Fibromyalgia syndrome—am I an autoimmune condition?, 2025, Goebel

voner

Senior Member (Voting Rights)
This is disapointing…

…"This implies that experience of trauma and distress might elicit a specific immune-biological response in genetically or otherwise (eg, past infection, toxicity, trauma) vulnerable individuals, which includes the production of harmful noninflammatory autoantibodies." …

 
I think it’s worth pasting the entire section (line breaks added). I’m putting it in plain text to make it easier to quote.

4.4. Triggers and the biopsychosocial dimension
If FMS is autoimmune, then it has “special” features. The recognition of biopsychosocial triggers to the onset of FMS59 implies that a substantial group of patients, although not all and perhaps not the majority, have experienced severe distress before FMS onset. The sensitive nature of such a link, which can and commonly does lead to misunderstanding and stigmatisation, has been discussed.12

Clearly, FMS does not develop in everybody who experiences severe distress, so that other factors must also play a role. At the same time, more fundamentally the recognition of a likely trauma/distress-trigger in a subgroup of patients with FMS, together with the described autoantibody findings now positions any distress-FMS relation into a new context.

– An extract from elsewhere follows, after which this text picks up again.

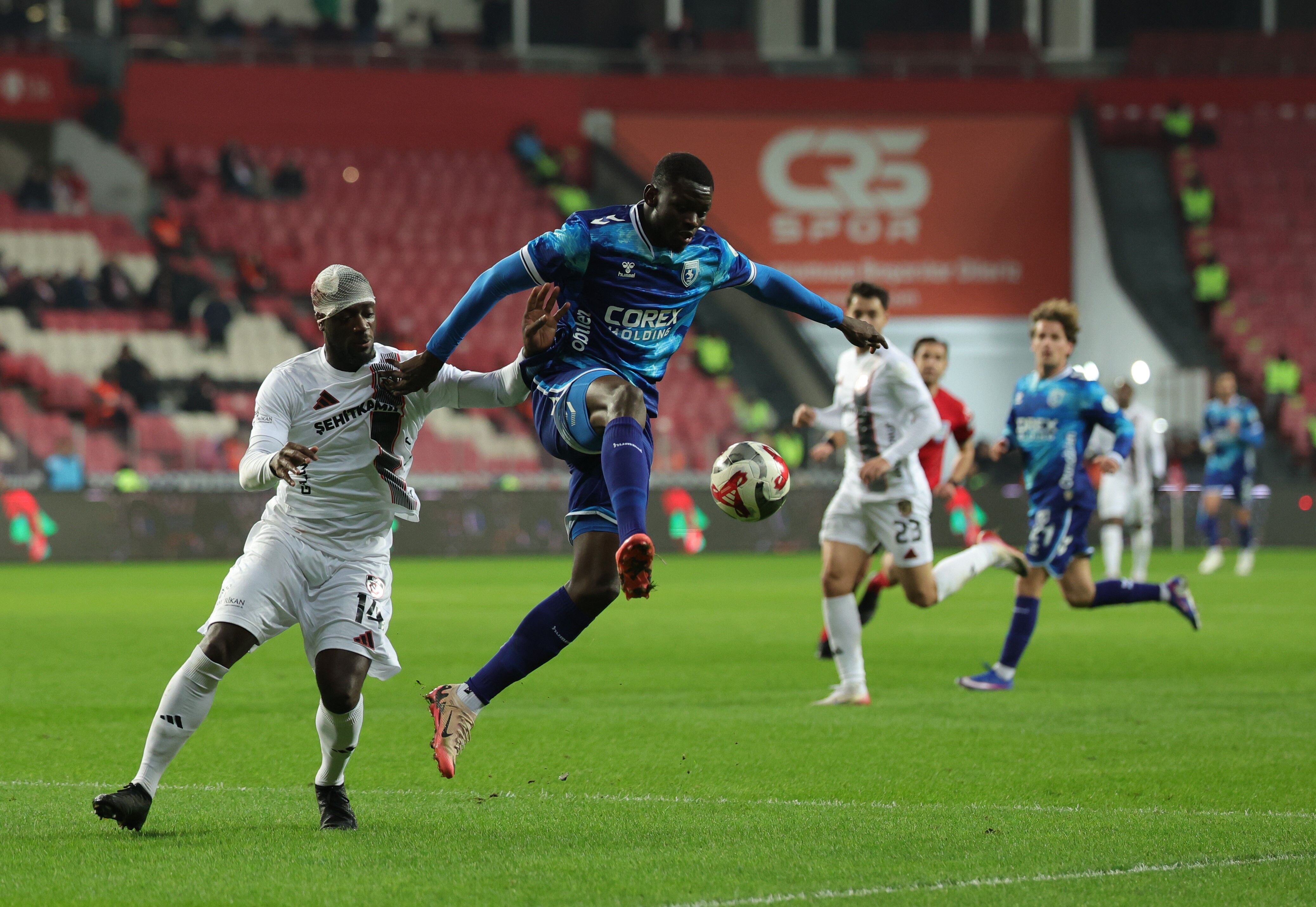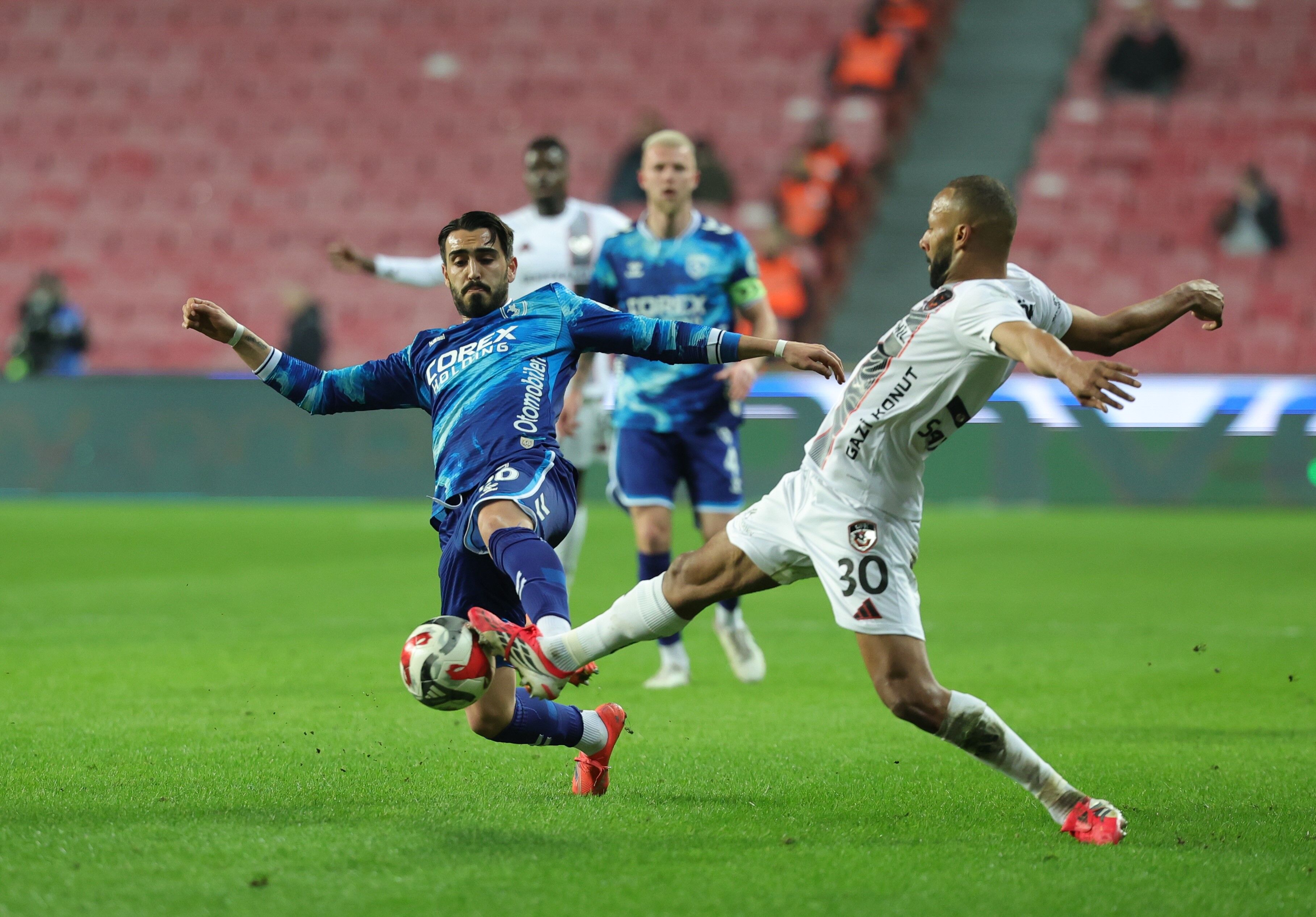 Trendyol Süper Lig’in 24. haftasında Samsun 19 Mayıs Stadyumu’nda oynanan karşılaşma tempolu başladı. Mücadelenin 9. dakikasında Samsunspor’dan Marius Mouandilmadji ile Gaziantep FK’lı Myenty Abena’nın hava topu mücadelesinde kafa kafaya çarpışması sonucu oyun kısa süreliğine durdu. Sağlık ekiplerinin müdahalesinin ardından karşılaşma kaldığı yerden devam etti. Ev sahibi ekip, 32. dakikada Rick van Drongelen ile gole çok yaklaştı ancak bu pozisyondan sonuç çıkmadı. İlk yarıda iki takım da savunma güvenliğini ön planda tutarken soyunma odasına 0-0’lık eşitlikle gidildi.

This implies that experience of trauma and distress might elicit a specific immune-biological response in genetically or otherwise (eg, past infection, toxicity, trauma) vulnerable individuals, which includes the production of harmful noninflammatory autoantibodies. More studies are needed to confirm this.

Similar sequences from distress experience to disease phenotype are of course known from other autoimmune disorders,2,24 but in FMS, this phenomenon might be particularly common; in addition, FMS is also a much more common condition than “classical” autoimmune disorders; hence, any such relation should perhaps more acutely lead to considerations of preventative approaches.

Alternative primary triggers for the immune reaction leading to FMS might include infection, such as after COVID19 exposure26,36 or toxicity, such as after fluroquinolone medication.3 Other patients may develop the condition spontaneously, without any trigger.

Understanding autoimmunity in FMS should help us to better understand our human nature and how profoundly, truly biopsychosocial we in fact are. A debate about the additional importance of preventing toxic distress and how early preventative interventions might be designed and implemented would be welcome.
 
I do not understand why there even is a focus on severe distress. Surely, it would be more productive to focus on the factors that seem to always be involved, and what can be done to fix it?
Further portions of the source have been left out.